- Task to complete: Leave the pictures out and quote only the lines from the one with "主卧,整体上遵循素雅大气的格" down to the end of the listing below.

*** Provided data Section Begins ***

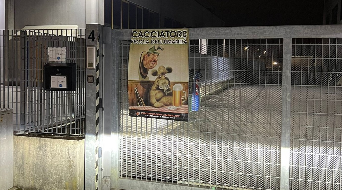 Il movimento Centopercentoanimalisti ha appeso un manifesto minaccioso davanti alla sede della società che organizza Eos ’22.
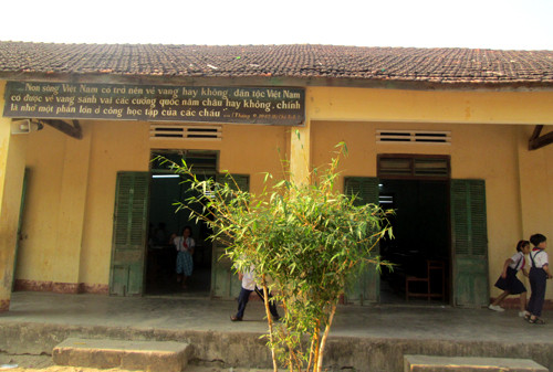 Một dãy phòng học cũ tận dụng làm nhà để xe cho học sinh tại một trường học trên địa bàn xã Vĩnh Quang, huyện Vĩnh Thạnh (Bình Định).
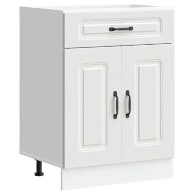 ManoManoGeneral description This kitchen base cabinet optimizes your kitchen space, providing ample storage for your personal belongings. It features practical doors that help maintain a clean and organized area by concealing kitchen appliances and clutter. Technical specifications Colour: White Material: Engineered wood Overall dimensions: 60 x 46 x 81.5 cm (W x D x H) Drawer dimensions: 60 x 38.5 x 16 cm Cabinet dimensions: 57 x 46 x 54 cm (W x D x H) Maximum weight capacity: 60 kg Weight capacity per layer: 25 kg Range name: Kalmar With adjustable feet The worktop is not included in the delivery Assembly required: Yes SKU: 853487 Compatibility and accessories Screw(s) and plug(s) for inside the wall are not included. Seek and use screw(s) and plug(s) suitable for your walls. Installation To prevent tipping, this product must be used with the provided wall attachment device. If uncertain, seek professional advice. Read and follow each step of the instruction carefully. Usage Easy to
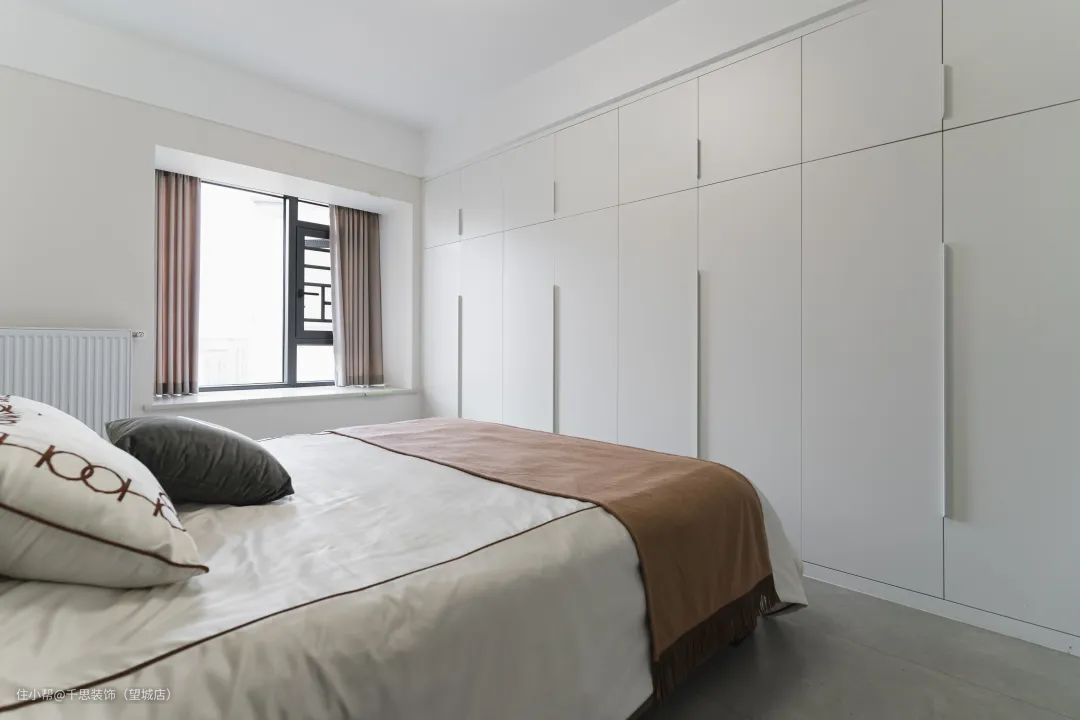 主卧,整体上遵循素雅大气的格调,背景墙以奶茶色填充,在棕色绒布床头的呼应下,两者相辅相成,共同营造出安然静谧的氛围。
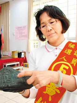 黃婉如脫下鞋子,秀出破掉的鞋底,表示選戰(zhàn)激烈,讓她一刻不得閑。 來源:臺灣《中國時報》

*** Provided data Section Ends ***

- Exercise answer:
 主卧,整体上遵循素雅大气的格调,背景墙以奶茶色填充,在棕色绒布床头的呼应下,两者相辅相成,共同营造出安然静谧的氛围。
 黃婉如脫下鞋子,秀出破掉的鞋底,表示選戰(zhàn)激烈,讓她一刻不得閑。 來源:臺灣《中國時報》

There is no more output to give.